● **RAW DATA**
+---+

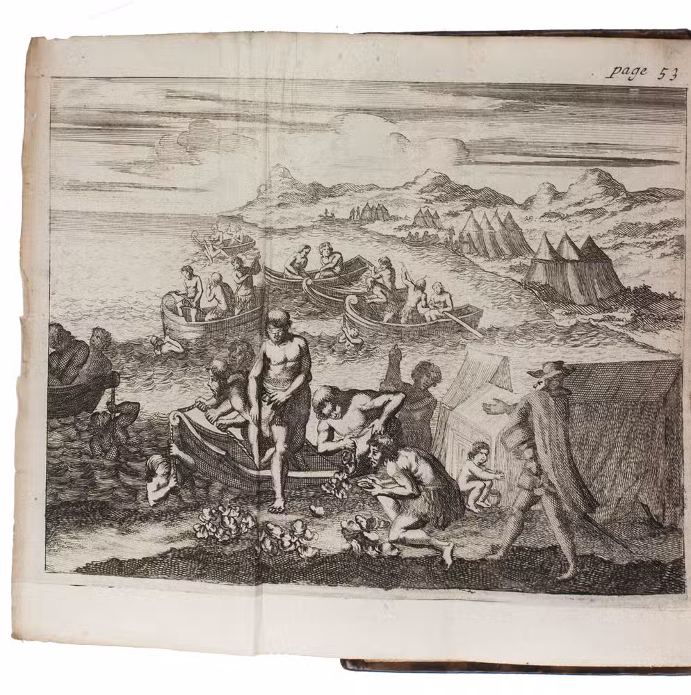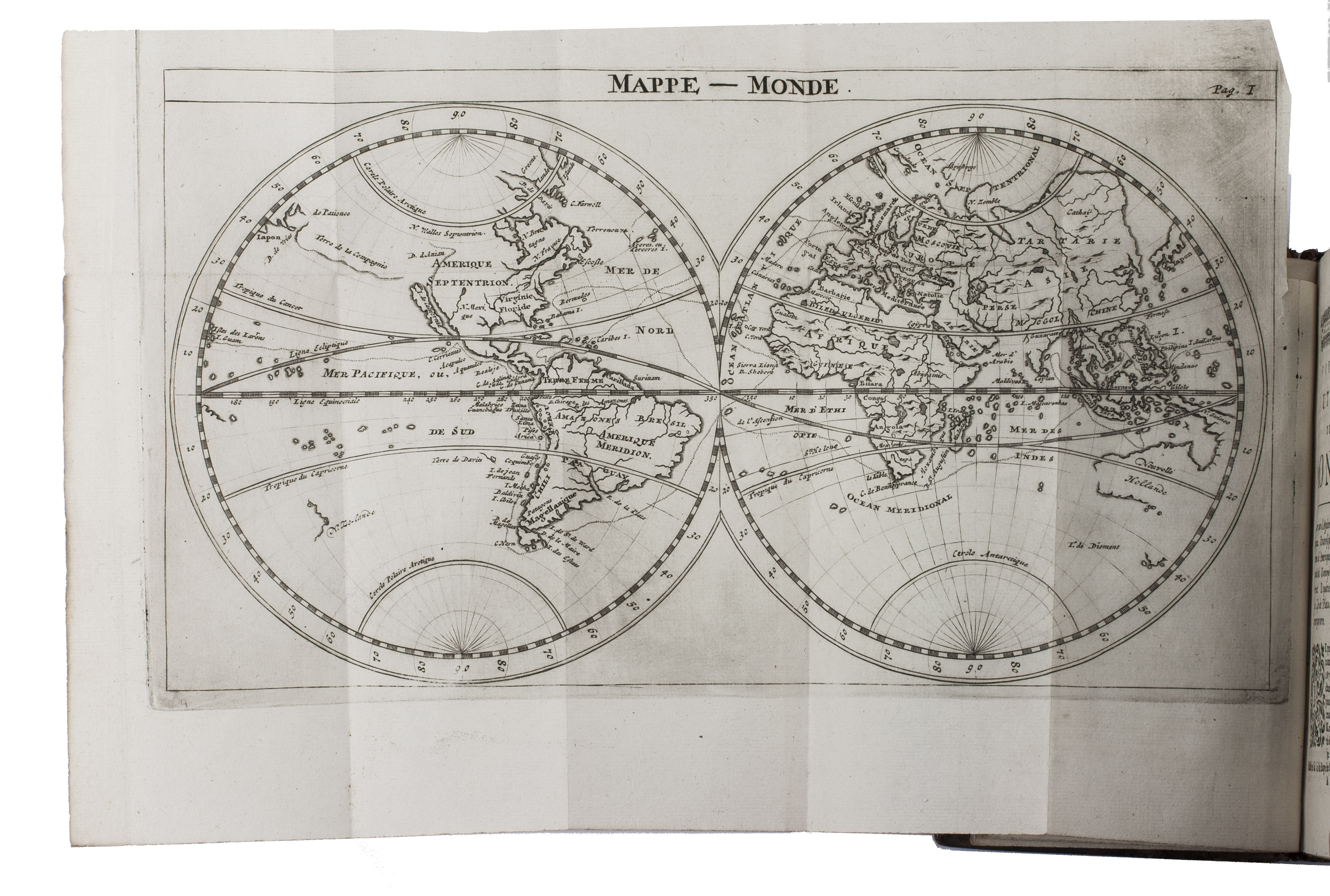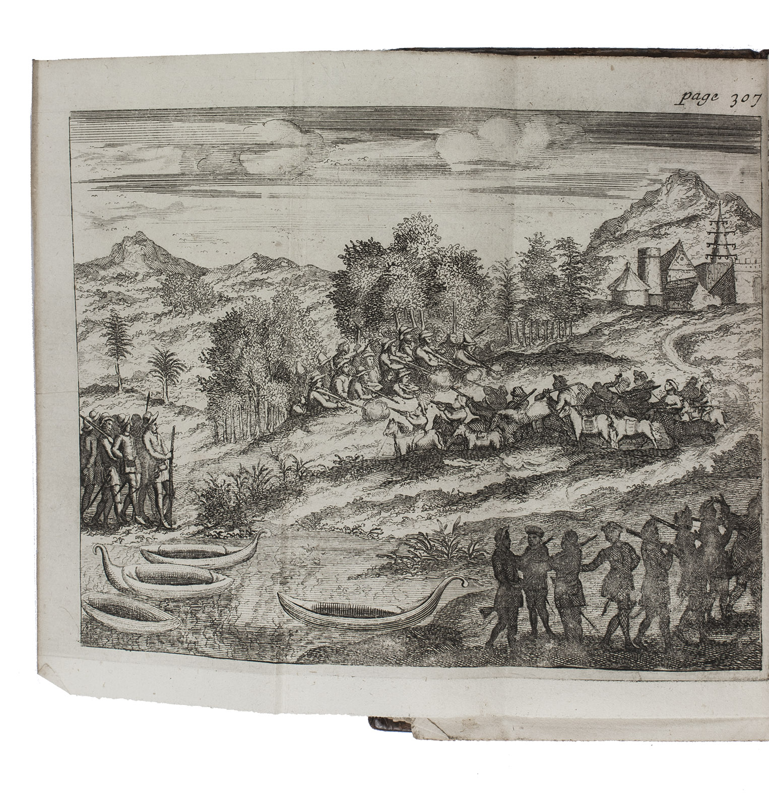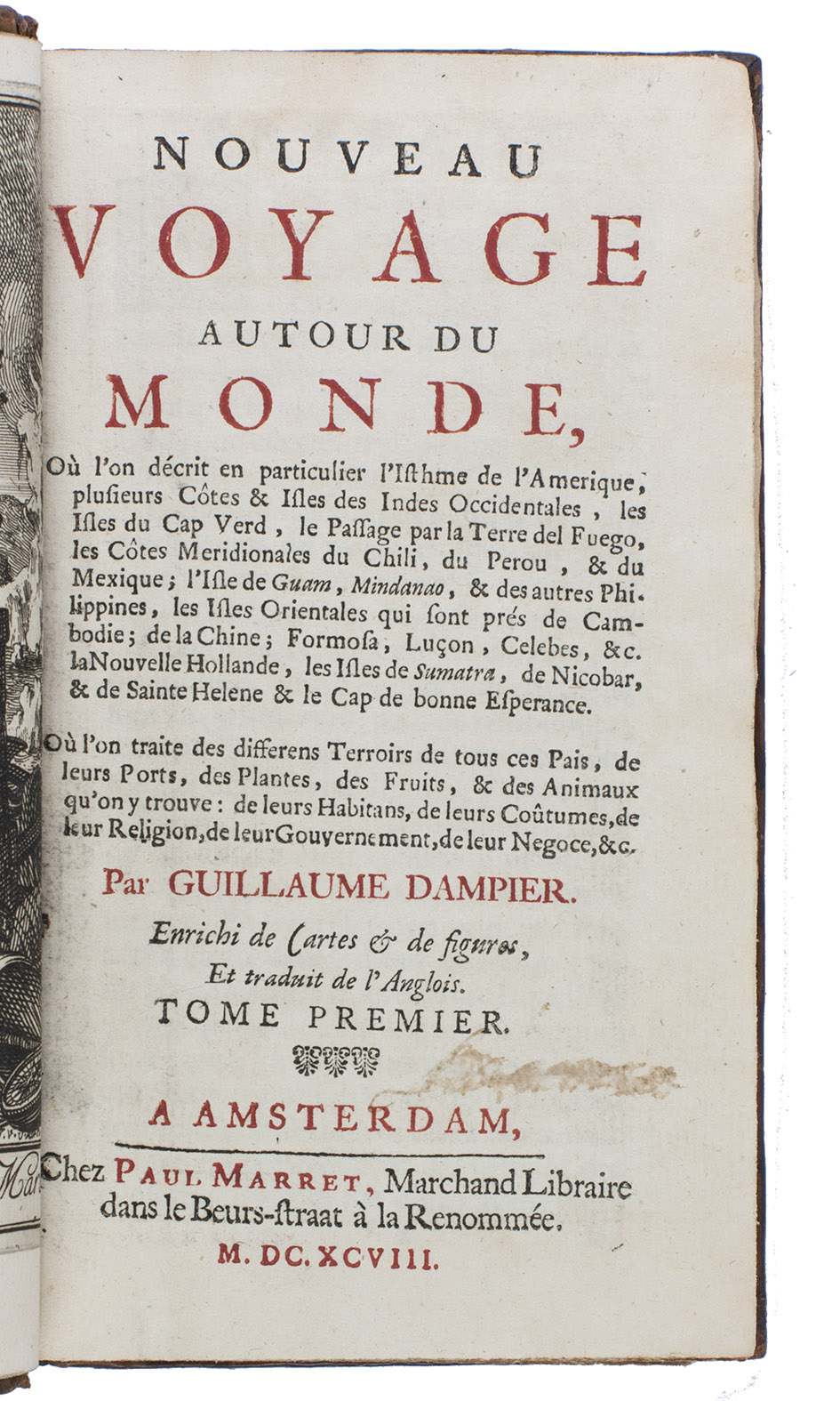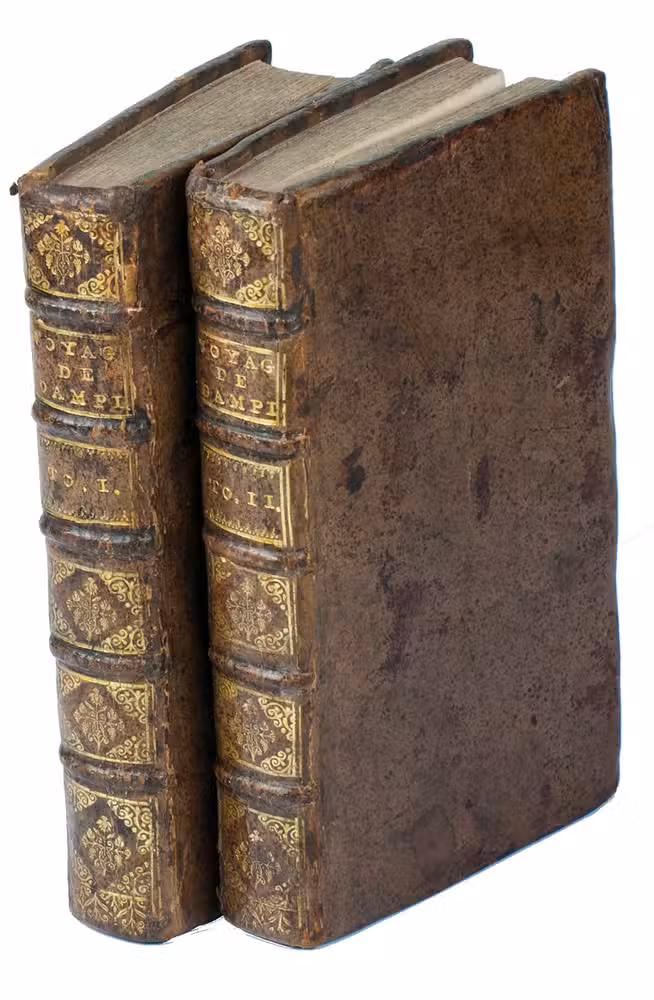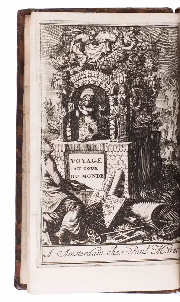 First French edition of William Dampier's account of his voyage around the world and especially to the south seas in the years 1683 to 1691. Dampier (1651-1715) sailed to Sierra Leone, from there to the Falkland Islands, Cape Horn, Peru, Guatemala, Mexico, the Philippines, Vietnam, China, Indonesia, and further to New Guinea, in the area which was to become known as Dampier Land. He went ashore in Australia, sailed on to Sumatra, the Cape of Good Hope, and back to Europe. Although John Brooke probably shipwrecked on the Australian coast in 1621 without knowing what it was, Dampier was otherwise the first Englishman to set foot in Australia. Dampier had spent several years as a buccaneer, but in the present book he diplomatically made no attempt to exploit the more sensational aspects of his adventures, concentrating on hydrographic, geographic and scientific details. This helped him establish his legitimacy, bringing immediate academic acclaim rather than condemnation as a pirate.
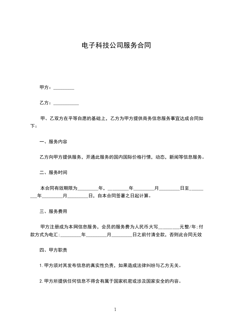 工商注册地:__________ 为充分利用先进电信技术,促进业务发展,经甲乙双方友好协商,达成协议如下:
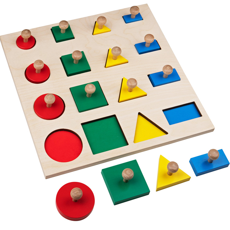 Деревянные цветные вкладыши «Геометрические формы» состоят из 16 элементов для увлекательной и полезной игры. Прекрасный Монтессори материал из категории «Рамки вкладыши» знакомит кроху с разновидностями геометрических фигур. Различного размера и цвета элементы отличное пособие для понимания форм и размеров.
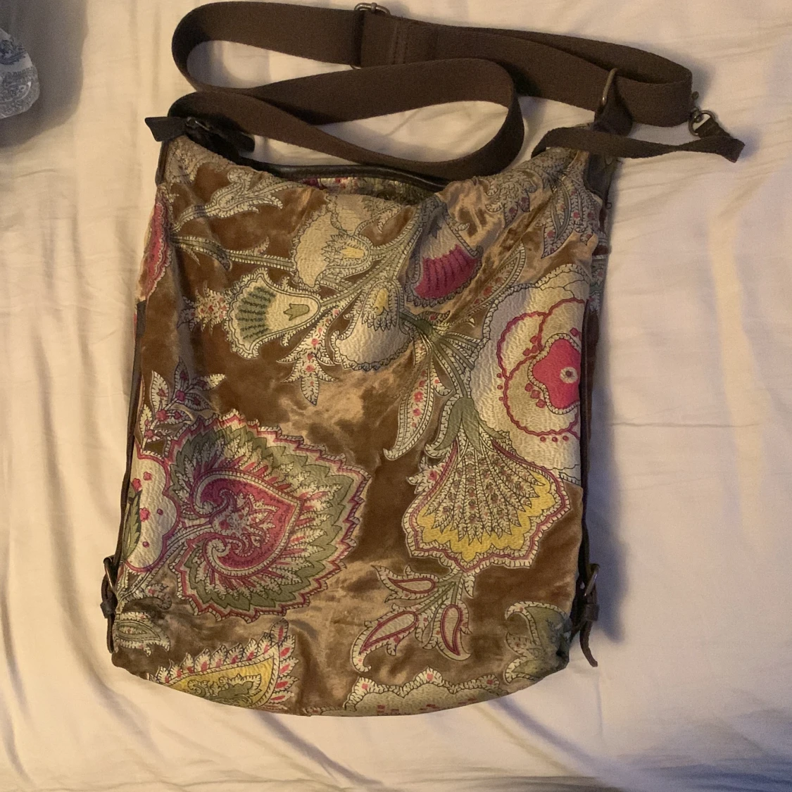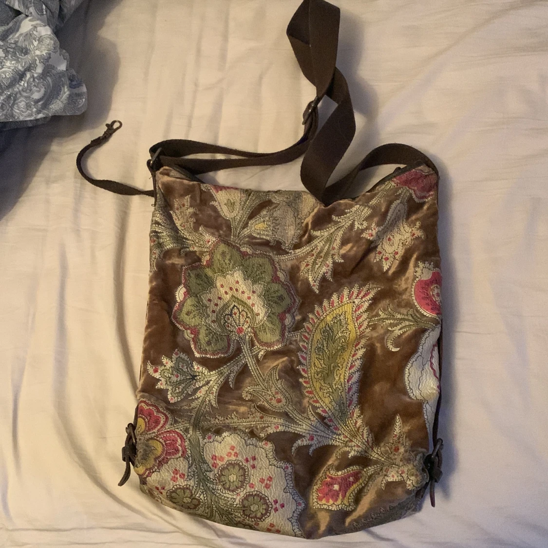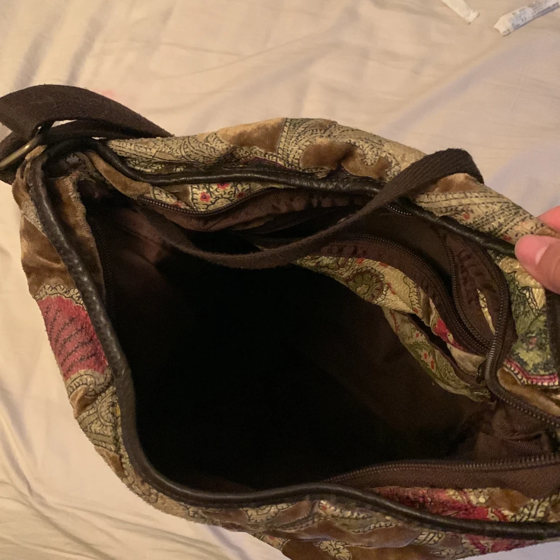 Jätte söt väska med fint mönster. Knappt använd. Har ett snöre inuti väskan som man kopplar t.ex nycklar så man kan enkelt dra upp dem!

+---+

● **WORK INSTRUCTIONS**
Repeat the listing exactly, pictures excluded.

● **RESULT OF THIS EXERCISE**
 First French edition of William Dampier's account of his voyage around the world and especially to the south seas in the years 1683 to 1691. Dampier (1651-1715) sailed to Sierra Leone, from there to the Falkland Islands, Cape Horn, Peru, Guatemala, Mexico, the Philippines, Vietnam, China, Indonesia, and further to New Guinea, in the area which was to become known as Dampier Land. He went ashore in Australia, sailed on to Sumatra, the Cape of Good Hope, and back to Europe. Although John Brooke probably shipwrecked on the Australian coast in 1621 without knowing what it was, Dampier was otherwise the first Englishman to set foot in Australia. Dampier had spent several years as a buccaneer, but in the present book he diplomatically made no attempt to exploit the more sensational aspects of his adventures, concentrating on hydrographic, geographic and scientific details. This helped him establish his legitimacy, bringing immediate academic acclaim rather than condemnation as a pirate.
 工商注册地:__________ 为充分利用先进电信技术,促进业务发展,经甲乙双方友好协商,达成协议如下:
 Деревянные цветные вкладыши «Геометрические формы» состоят из 16 элементов для увлекательной и полезной игры. Прекрасный Монтессори материал из категории «Рамки вкладыши» знакомит кроху с разновидностями геометрических фигур. Различного размера и цвета элементы отличное пособие для понимания форм и размеров.
 Jätte söt väska med fint mönster. Knappt använd. Har ett snöre inuti väskan som man kopplar t.ex nycklar så man kan enkelt dra upp dem!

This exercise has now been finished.